Jett's role as a mother is particularly important in considering ideas of reproduction, family, and queerness. As Lee Edelman, Judith Halberstam, and Tavia Nyong'o all attest, reproductive futurity -the promotion of a redemptive, open future- creates an heterosexist fantasy.  "Do You Want Queer Theory (Or Do You Want the Truth?) Rather than outwardly rejecting common notions of family, Jett occupies a space that fuels intergenerational relationships by both rejecting normative adulthood and privileging perversity. As Halberstam explains, "Queer subculture offers us an opportunity to redefine the binary of adolescence and adulthood that structures so many inquiries into subcultures" (161). In such a way, Jett's maternal relationships validate a queer punk subculture, precisely because it allows us to study the punk scene in a more complex lens than Hebdige's youth vs. adult culture. 

Like the punk scene itself, Jett upholds a sexual ambiguity. She states, “I’m not discussing personally who I’m doing anything with. As far as addressing sexuality, I’m singing to everyone and always have been since the Runaways. I think I’m being pretty blatant. I think anybody who wants to know who I am, all they’ve got to do is listen to my music” (Queens of Noise, 78).
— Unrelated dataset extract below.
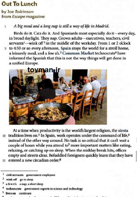 Birds do it. Cats do it. And Spaniards most especially do it-every day, in broad daylight. They nap. Grown adults-executives, teachers, civil servants۱-wink off۲ in the middle of the workday. From ۱ or ۲ o'clock to ۴:۳۰ or so every afternoon, Spain stops the world for a stroll home, a leisurely meal, and a few z's.۳ Common Market technocrats۴ have informed the Spanish that this is not the way things will get done in a unified Europe
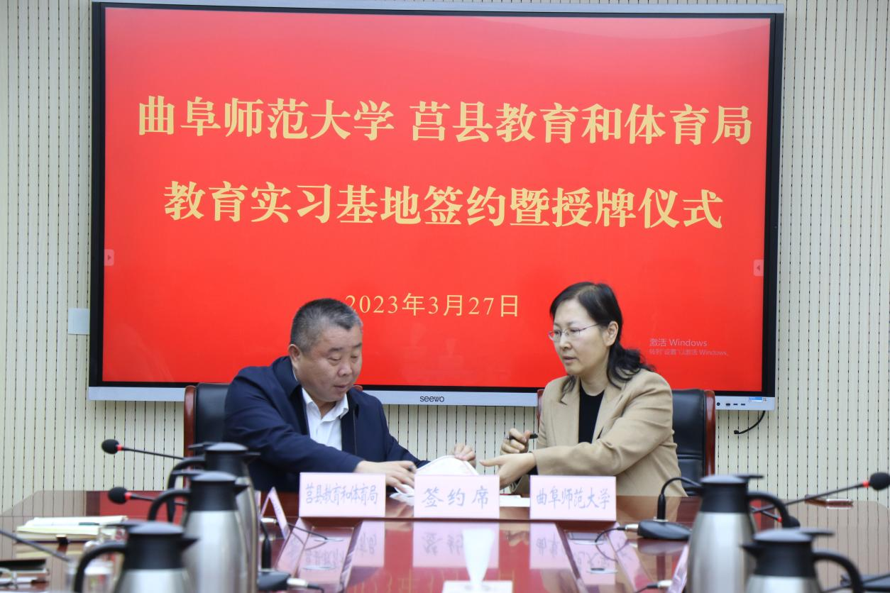 曲阜师大翻译学院讯 3月27日上午,华体会(中国)教育实习基地签约授牌仪式在日照市莒县教育和体育局举行。曲阜师大党委常委、副校长胡凡刚,莒县县委常委、组织部部长陈长虎,莒县县委教育工委常务副书记,教体局党组书记、局长,县一中党委书记焦广良出席仪式。

In the Runaways' bio pic, nonetheless, Jett is shown exclusively sleeping with women, and oral histories support her reputation as gay. It is possible that the music industry itself demands this kind of soft closet for such successful acts like Jett, regardless of genre or scene. Given her lasting legacy as a pioneer of "female machisma" in rock, it also behooves observers to note the priority of her gender expression over her sexual expression. Where gender and sexuality blur may be best understood in how Pat Smear and Darby Crash idolized her: do we read this relationship as gay male diva worship? heterosocial bonding? intergenerational queer kinship? Such questions are difficult to answer of any historical past but especially fruitless in the context of punk. What is clear is the respect Jett commanded among L.A. punks, perhaps best framed by bassist Kira Roessler's note, "The only woman I ever had sex with is Joan Jett because she was/is so amazing" (alicebag.com 9/1/15).